* _About this task_: Only the lines from the start of the data through the line containing "Kongelig Dansk Porcelæn" should be written out, exactly as they are, with both ends included and the pictures left out.

* _Dataset section_:
+===+

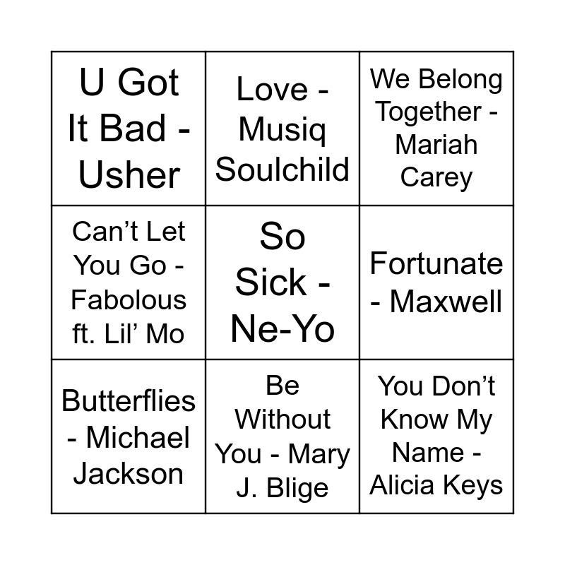This bingo card has 20 words: Charlene - Anthony Hamilton, Let Me Love You - Mario, We Belong Together - Mariah Carey, Ordinary People - John Legend, Fallin’ - Alicia Keys, So Sick - Ne-Yo, Differences - Ginuwine, U Got It Bad - Usher, You Don’t Know My Name - Alicia Keys, Love - Musiq Soulchild, Superstar - Usher, Pretty Wings - Maxwell, Fortunate - Maxwell, I Wanna Know - Joe, Butterflies - Michael Jackson, Cater 2 U - Destiny’s Child, Be Without You - Mary J. Blige, Can’t Let You Go - Fabolous ft. Lil’ Mo, Promise - Ciara and Heaven Sent - Keyshia Cole.
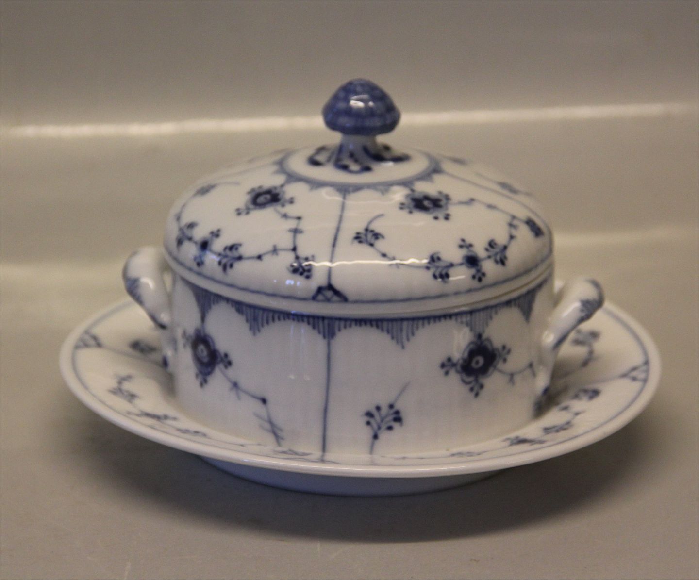 Kongelig Dansk Porcelæn Musselmalet 401-1 Smørkande/smørdåse på fad 11 x 17 cm
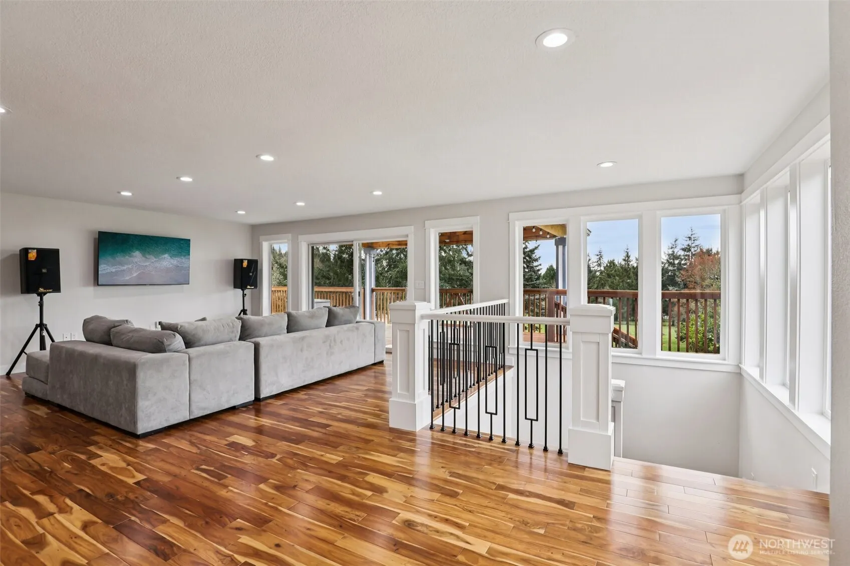 Beautifully designed home. Ideal horse property. 2 tax lots, 7.43 acres. Exceptional space inside and out. Wrap-around deck opens to great room family room, windows frame territorial views, slider to deck, creates seamless indoor-outdoor living. Gourmet stainless kitchen, some Dacor appliances, granite counters, marble tile backsplash, shaker-style soft-close cabinetry, some glass panes and pull-outs, open shelving. Separate dining area. Primary en-suite on main, deck access, walk-in closet, dual sink vanity, frameless marble tiled shower, private water closet. Second bedroom and full bath also on main. Lower level: 2 additional bedrooms, 5th non-conforming bedroom possible media room/office, huge bonus room pre-plumbed for wet bar, slider to covered patio. 2 laundry rooms, one fully equipped on main with granite counters, built-ins, another on lower level pre-plumbed with washer and dryer. Interior: All appliances remain, floating bathroom vanities, granite countertops, hardwood, marble tile, carpet, recessed light, 80-gal hot water heater. Hughes Network internet. Outdoors: wrap-around deck, covered patio, oversized 2-car garage, new Hardi Plank siding, new 50-year roof. Shop approx 1800 sq ft plus 300 sq ft loft, electricity, security lighting, concrete floor, 2 tall garage doors, mechanics service pit. 30×60 pole barn, electricity, security lighting, previously housed five stalls. 4 cross-fenced pastures. Mortgage savings may be available for buyers of this listing.
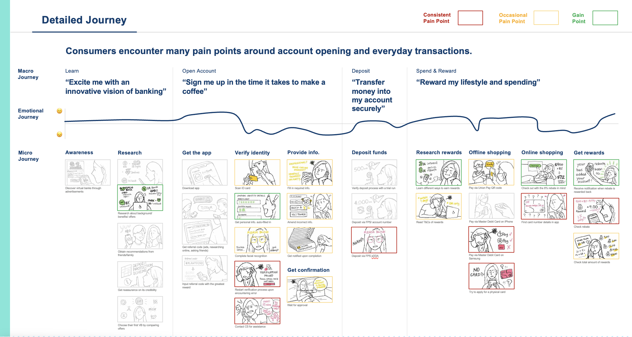 As a UX/UI lead at Livi, a newly established virtual bank, we have a challenge: our NPS is lower compared to other virtual banks in Hong Kong. Our goal is to improve the digital banking experience by understanding consumers' needs and expectations. We want to explore different consumer personas and their varying expectations. We also aim to identify the key differences consumers perceive between traditional banks and virtual banks. Additionally, we want to understand consumers' experiences with virtual banks and Livi, specifically regarding learning, registration, and early usage. By gaining these insights, we can enhance Livi's digital banking experience and provide a more satisfying journey for our users.

+===+

* _Answer to the problem_:
This bingo card has 20 words: Charlene - Anthony Hamilton, Let Me Love You - Mario, We Belong Together - Mariah Carey, Ordinary People - John Legend, Fallin’ - Alicia Keys, So Sick - Ne-Yo, Differences - Ginuwine, U Got It Bad - Usher, You Don’t Know My Name - Alicia Keys, Love - Musiq Soulchild, Superstar - Usher, Pretty Wings - Maxwell, Fortunate - Maxwell, I Wanna Know - Joe, Butterflies - Michael Jackson, Cater 2 U - Destiny’s Child, Be Without You - Mary J. Blige, Can’t Let You Go - Fabolous ft. Lil’ Mo, Promise - Ciara and Heaven Sent - Keyshia Cole.
 Kongelig Dansk Porcelæn Musselmalet 401-1 Smørkande/smørdåse på fad 11 x 17 cm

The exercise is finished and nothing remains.